Department of Industrial and Systems Engineering, Virginia Tech, Blacksburg, VA, USA.
Department of Statistics, Virginia Tech, Blacksburg, VA, USA.
Sci Rep. 2020 Oct 7;10(1):16699. doi: 10.1038/s41598-020-73155-4.
Self-injurious behavior (SIB) is among the most dangerous concerns in autism spectrum disorder (ASD), often requiring detailed and tedious management methods. Sensor-based behavioral monitoring could address the limitations of these methods, though the complex problem of classifying variable behavior should be addressed first. We aimed to address this need by developing a group-level model accounting for individual variability and potential nonlinear trends in SIB, as a secondary analysis of existing data. Ten participants with ASD and SIB engaged in free play while wearing accelerometers. Movement data were collected from > 200 episodes and 18 different types of SIB. Frequency domain and linear movement variability measures of acceleration signals were extracted to capture differences in behaviors, and metrics of nonlinear movement variability were used to quantify the complexity of SIB. The multi-level logistic regression model, comprising of 12 principal components, explained > 65% of the variance, and classified SIB with > 75% accuracy. Our findings imply that frequency-domain and movement variability metrics can effectively predict SIB. Our modeling approach yielded superior accuracy than commonly used classifiers (~ 75 vs. ~ 64% accuracy) and had superior performance compared to prior reports (~ 75 vs. ~ 69% accuracy) This work provides an approach to generating an accurate and interpretable group-level model for SIB identification, and further supports the feasibility of developing a real-time SIB monitoring system.
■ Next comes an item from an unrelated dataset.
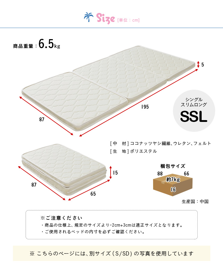 | ココナッツパームマットレス am(アム) シングルスリムサイズ 可愛らしいシンプルなカラーのアイボリーと、カラフルなカラーとキュートなパステルチェックのデザインがお子様にもぴったりなマットレスです。フチには耐久性のあるパイピング加工を施し、糸のほつれを防止します。さらに全体に施したキルティング加工で丈夫さアップ。デザインのアクセントにもなっています。シンプルなアイボリーと爽やかで可愛い3色、ブルー・イエロー・ピンクをご用意しました。 天然ココナッツ繊維を使用しており、地球にやさしい商品です。硬めの素材のため、体が沈み込むことがなく正しい姿勢を保つことができ、成長期のお子様や腰痛持ちの方には特におすすめです。 生地にはポリエステルを使用し、つるつるとした気持ちいい肌触りに仕上げました。 通気性、保湿性に優れ、夏は涼しく冬は暖かくお過ごしいただけます。また、通水性にも優れており、眠っている間に発する汗をこもらせず発散することができ、カビが発生しにくいのも嬉しいポイントです。いつでも快適な睡眠をサポートします。 ※ご使用するベッドの内寸をご確認ください。 ※写真はSサイズを使用しております。 | |

自伤行为 (SIB) 是自闭症谱系障碍 (ASD) 中最危险的问题之一,通常需要详细和繁琐的管理方法。基于传感器的行为监测可以解决这些方法的局限性,但首先应该解决行为分类的复杂问题。我们旨在通过开发一个考虑到个体变异性和 SIB 潜在非线性趋势的组级模型来满足这一需求,这是对现有数据的二次分析。10 名患有 ASD 和 SIB 的参与者在佩戴加速度计的情况下进行自由玩耍。从超过 200 个事件和 18 种不同类型的 SIB 中收集运动数据。提取加速度信号的频域和线性运动可变性度量来捕捉行为差异,并使用非线性运动可变性度量来量化 SIB 的复杂性。由 12 个主成分组成的多层次逻辑回归模型解释了超过 65%的方差,并以超过 75%的准确率对 SIB 进行分类。我们的研究结果表明,频域和运动可变性指标可以有效地预测 SIB。我们的建模方法比常用的分类器(75%对64%的准确率)具有更高的准确性,并且比之前的报告(75%对69%的准确率)具有更好的性能。这项工作为生成 SIB 识别的准确和可解释的组级模型提供了一种方法,并进一步支持开发实时 SIB 监测系统的可行性。